** INSTRUCTIONS TO FOLLOW **
Using the entries that follow, transcribe only the lines from the line with "Los responsables de" to the line with "37 Booted Eagle", both included, exactly as they stand and without pictures.

** TASK DATA **

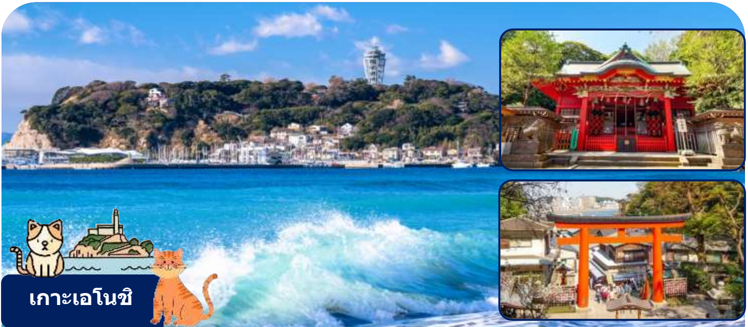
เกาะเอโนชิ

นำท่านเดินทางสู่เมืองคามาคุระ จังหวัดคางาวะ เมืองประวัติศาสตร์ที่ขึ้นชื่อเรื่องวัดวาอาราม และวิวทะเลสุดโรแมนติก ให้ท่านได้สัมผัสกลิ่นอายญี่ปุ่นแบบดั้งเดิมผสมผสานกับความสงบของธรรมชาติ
* * *
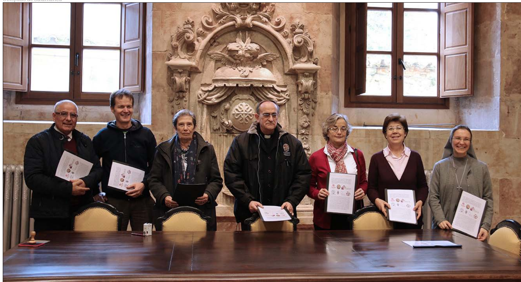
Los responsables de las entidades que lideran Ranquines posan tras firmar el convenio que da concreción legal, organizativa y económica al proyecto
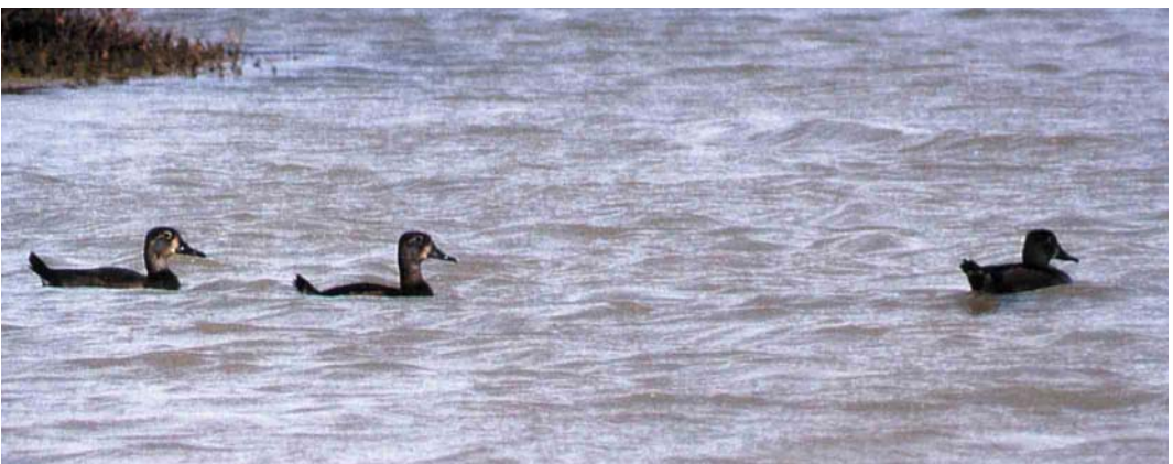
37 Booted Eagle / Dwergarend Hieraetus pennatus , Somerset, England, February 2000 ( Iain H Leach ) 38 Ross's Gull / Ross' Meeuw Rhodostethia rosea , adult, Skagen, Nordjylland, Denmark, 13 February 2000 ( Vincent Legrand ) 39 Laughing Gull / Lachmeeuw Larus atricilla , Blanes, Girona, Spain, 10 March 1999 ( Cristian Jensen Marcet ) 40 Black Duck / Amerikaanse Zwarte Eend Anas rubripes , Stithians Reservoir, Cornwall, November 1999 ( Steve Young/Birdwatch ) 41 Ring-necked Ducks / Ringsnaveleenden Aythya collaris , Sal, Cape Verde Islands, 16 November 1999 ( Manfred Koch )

** WORKED SOLUTION **
Los responsables de las entidades que lideran Ranquines posan tras firmar el convenio que da concreción legal, organizativa y económica al proyecto
37 Booted Eagle / Dwergarend Hieraetus pennatus , Somerset, England, February 2000 ( Iain H Leach ) 38 Ross's Gull / Ross' Meeuw Rhodostethia rosea , adult, Skagen, Nordjylland, Denmark, 13 February 2000 ( Vincent Legrand ) 39 Laughing Gull / Lachmeeuw Larus atricilla , Blanes, Girona, Spain, 10 March 1999 ( Cristian Jensen Marcet ) 40 Black Duck / Amerikaanse Zwarte Eend Anas rubripes , Stithians Reservoir, Cornwall, November 1999 ( Steve Young/Birdwatch ) 41 Ring-necked Ducks / Ringsnaveleenden Aythya collaris , Sal, Cape Verde Islands, 16 November 1999 ( Manfred Koch )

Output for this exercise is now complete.